Re: [PATCH] sdhci: fix the fake timeout bug

From: Du, Alek
Date: Fri Nov 30 2018 - 09:13:20 EST


On Fri, 30 Nov 2018 11:19:03 +0200
Adrian Hunter <adrian.hunter@xxxxxxxxx> wrote:

> Commands and resets are under spin lock, so no possibility for
> preemption, and certainly a few microseconds isn't going to make any
> difference to these timeouts, so I don't see how this patch could
> help.

Thanks for your review.

I believe my case the scheduling out delay sometime can reach 10~20
milliseconds... This may be due to the hypervisor...

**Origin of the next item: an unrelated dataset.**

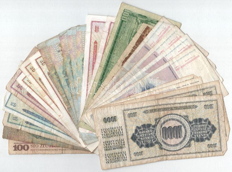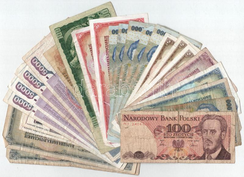 25 darabos bankjegy tétel, Románia, Jugoszlávia, Csehország, Lengyelország bankjegyei + "Intosai 2003 Eger - Officina Agriae" aranyozott melékérem műanyag tokban, tanúsítvánnyal T:I,III-IV 25 pieces banknote lot, Romania, Yugoslavia, Czeh Republic, Poland + "Intosai 2003 Eger - Officina Agriae" gilded commemorative mefallion in plastic case with certificate C:UNC,F-G

Please look at the sdhci_enable_clk() below, there is a window in clock
stabilization check. The first check is to check status register, the
second check is to check if time passed. That's why I can capture a
case that after time passed, the actually clock control register
indicated that clock is stable. So the error handling is wrong...

Also the sdhci_send_command commands is not in spin lock There is a
windows between mod_timer and real command send...

Thanks,
Alek

>
> I recently sent a patch for GLK laptops that had BIOS issues:
>
> https://marc.info/?l=linux-mmc&m=154270005901609
>
> And also some improvements to error handling:
>
> https://marc.info/?l=linux-mmc&m=154229013900437
>
> If those don't help, please share more details of the actual problem.

Sorry, I can't see how this patches could fix my problem.



>
> >
> > Signed-off-by: Alek Du <alek.du@xxxxxxxxx>
> > ---
> > drivers/mmc/host/sdhci.c | 19 ++++++++++++++++---
> > 1 file changed, 16 insertions(+), 3 deletions(-)
> >
> > diff --git a/drivers/mmc/host/sdhci.c b/drivers/mmc/host/sdhci.c
> > index 99bdae53fa2e..f88c49fc574e 100644
> > --- a/drivers/mmc/host/sdhci.c
> > +++ b/drivers/mmc/host/sdhci.c
> > @@ -218,12 +218,17 @@ void sdhci_reset(struct sdhci_host *host, u8
> > mask) /* hw clears the bit when it's done */
> > while (sdhci_readb(host, SDHCI_SOFTWARE_RESET) & mask) {
> > if (ktime_after(ktime_get(), timeout)) {
> > + /* check it again, since there is a window
> > between
> > + bit check and time check */
> > + if (!(sdhci_readb(host,
> > SDHCI_SOFTWARE_RESET) & mask))
> > + break;
> > pr_err("%s: Reset 0x%x never completed.\n",
> > mmc_hostname(host->mmc),
> > (int)mask); sdhci_dumpregs(host);
> > return;
> > + } else {
> > + udelay(10);
> > }
> > - udelay(10);
> > }
> > }
> > EXPORT_SYMBOL_GPL(sdhci_reset);
> > @@ -1395,9 +1400,10 @@ void sdhci_send_command(struct sdhci_host
> > *host, struct mmc_command *cmd) timeout +=
> > DIV_ROUND_UP(cmd->busy_timeout, 1000) * HZ + HZ; else
> > timeout += 10 * HZ;
> > - sdhci_mod_timer(host, cmd->mrq, timeout);
> >
> > sdhci_writew(host, SDHCI_MAKE_CMD(cmd->opcode, flags),
> > SDHCI_COMMAND);
> > + /* setup timer after command to avoid fake timeout */
> > + sdhci_mod_timer(host, cmd->mrq, timeout);
> > }
> > EXPORT_SYMBOL_GPL(sdhci_send_command);
> >
> > @@ -1611,12 +1617,19 @@ void sdhci_enable_clk(struct sdhci_host
> > *host, u16 clk) while (!((clk = sdhci_readw(host,
> > SDHCI_CLOCK_CONTROL)) & SDHCI_CLOCK_INT_STABLE)) {
> > if (ktime_after(ktime_get(), timeout)) {
> > + /* check it again since there is a window
> > between
> > + status check and time check */
> > + if ((clk = sdhci_readw(host,
> > SDHCI_CLOCK_CONTROL))
> > + & SDHCI_CLOCK_INT_STABLE)
> > + break;
> > pr_err("%s: Internal clock never
> > stabilised.\n", mmc_hostname(host->mmc));
> > sdhci_dumpregs(host);
> > return;
> > }
> > - udelay(10);
> > + else {
> > + udelay(10);
> > + }
> > }
> >
> > clk |= SDHCI_CLOCK_CARD_EN;
> >
>